Personal information
- Born: 20 January 2007 (age 19) Žilina, Slovakia
- Home town: Žilina
- Height: 1.69 m (5 ft 6+1⁄2 in)

Figure skating career
- Country: Slovakia
- Discipline: Women's singles
- Coach: Vladimir Dvoynikov Rastislav Vrlak
- Skating club: FSC Zilina
- Began skating: 2012

Medal record
Slovak Championships
| Gold medal – first place | 2024 Turnov | Singles |
| Gold medal – first place | 2025 Cieszyn | Singles |
| Gold medal – first place | 2026 Presov | Singles |
| Bronze medal – third place | 2023 Budapest | Singles |

= Vanesa Šelmeková =

Slovak figure skater

Vanesa Šelmeková (born 20 January 2007) is a Slovak figure skater. She is the 2024 Tirnavia Ice Cup champion, the 2023 Tirnavia Ice Cup silver medalist, the 2024 Dragon Trophy bronze medalist, and a three-time Slovak national champion (2024-26).

== Personal life ==
Šelmeková was born on 20 January 2007 in Žilina, Slovakia.

== Career ==
=== Early years ===
Šelmeková began learning how to skate when she was five years old. Her mother Monika put her into the sport on the recommendation of a friend based on Šelmeková's early love of singing, dancing, and listening to music.

=== 2021–2022 season: Junior debut ===
Šelmeková made her junior international level debut on the 2021–22 ISU Junior Grand Prix series, placing fourteenth at 2021 JGP France and at the 2021 JGP Slovakia. Continuing to compete on the junior level, Šelmeková won the bronze medal at the 2021 Tirnavia Ice Cup, bronze at 2021 Skate Celje, placing tenth at the 2021 Santa Claus Cup, and winning bronze at the 2022 Bellu Memorial.

Selected to compete at the 2022 World Junior Championships in Tallinn, Estonia, Šelmeková placed thirty-fifth in the short program and did not advance to the free skate segment.

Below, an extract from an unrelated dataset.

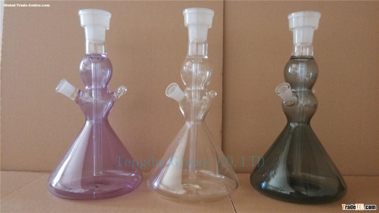 The glass hookah has three colors. It is made by Tengda Glass CO.LTD. As a sino-foreign joint venture, We can make glass hookah and charcoal.

=== 2022–2023 season: Senior international debut ===
Šelmeková started the season by competing on the 2022–23 ISU Junior Grand Prix series, placing fourteenth at 2022 JGP Czech Republic and twenty-second at 2022 JGP Poland. She then moved up to the senior level, finishing fourth at the 2022 Tirnavia Ice Cup and tenth at the 2022 Santa Claus Cup.

In December, she finished eleventh at the 2023 Four Nationals Championships. Selected to compete at the 2023 European Youth Olympic Winter Festival in Pontebba, Italy, Šelmeková finished the event in sixteenth place.

After winning gold on the junior level at the 2023 Sofia Trophy, Šelmeková competed at the 2023 World Junior Championships in Calgary, Alberta, Canada and finished in twenty-eighth place.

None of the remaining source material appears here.